_ACTION ITEM_.
Without the pictures, output the lines of the material from the very first through the one that holds "The Boya BY-VG350".

*** Opening of PROVIDED MATERIAL ***

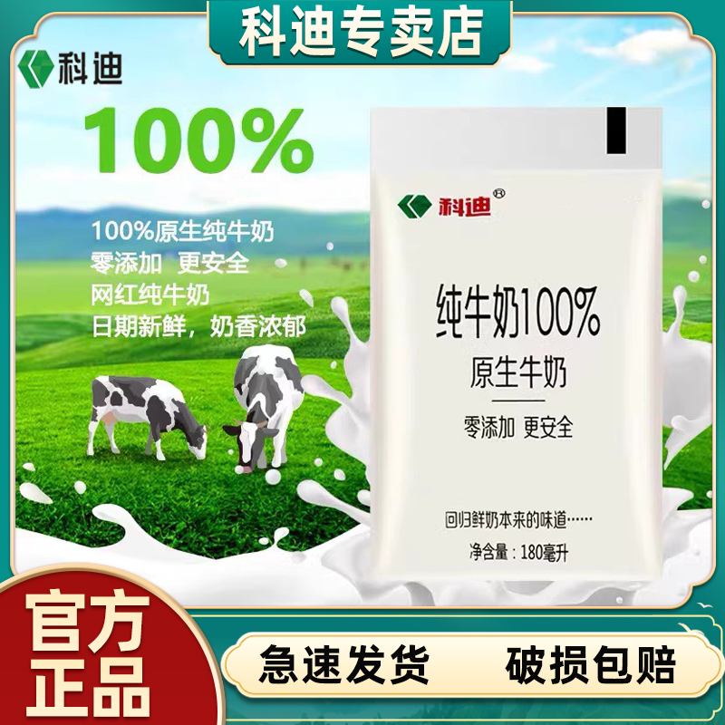 科迪纯牛奶原生牛奶透明袋180毫升/160克袋装网红小白袋全脂常温
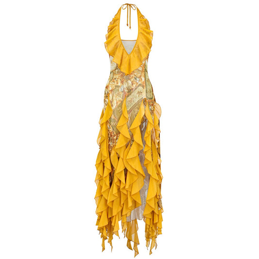 Gold Print Frill Dress
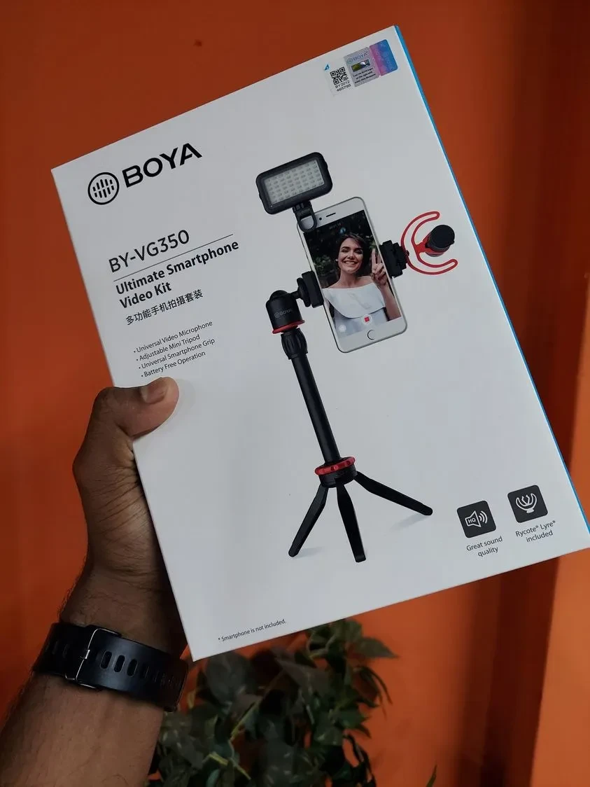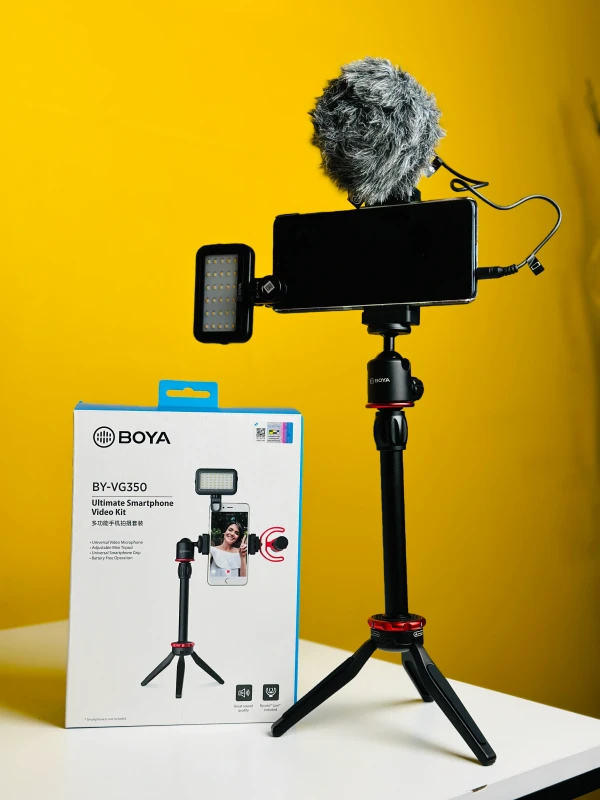 The Boya BY-VG350 All-in-One Smartphone Vlogging Kit is designed to provide hassle-free audio and lighting solutions for vlogging, podcasting, recording at home, and more. Here's what it offers:
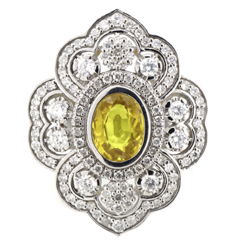 14K WHITE GOLD, YELLOW SAPPHIRE AND DIAMOND, ANTIQUE INSPIRED RING. The Centre Features, One Oval Faceted Cut, Yellow Sapphire (1.50Ct, Light Natural Inclusions), Bezel Set. Encompassing The Centre Are, 106 Round Brilliant Cut, Diamonds (0.845Ct Tdw, H-I Colour, Si-I1 Clarity), Bead/Claw Set. Ring Size N. Valuations Provided by an Independent Third-Party Professional Not Directly Associated With Lloyds Auctions at AUD $$16,700.00This valuation has been conducted by an independent third-party professional. The valuation amount is an assessment by the issuing valuer and does not reflect the auction value of the item. Any inquiries regarding the valuation should be directed to the issuing valuer (refer to contact details on the certificate), as Lloyds Auctions has no affiliation or influence over the valuation, the valuer, or the stated amount. Condition: Good - Refer Images 0586122+62

*** Close of PROVIDED MATERIAL ***

_TASK RESULT_.
 科迪纯牛奶原生牛奶透明袋180毫升/160克袋装网红小白袋全脂常温
 Gold Print Frill Dress
 The Boya BY-VG350 All-in-One Smartphone Vlogging Kit is designed to provide hassle-free audio and lighting solutions for vlogging, podcasting, recording at home, and more. Here's what it offers:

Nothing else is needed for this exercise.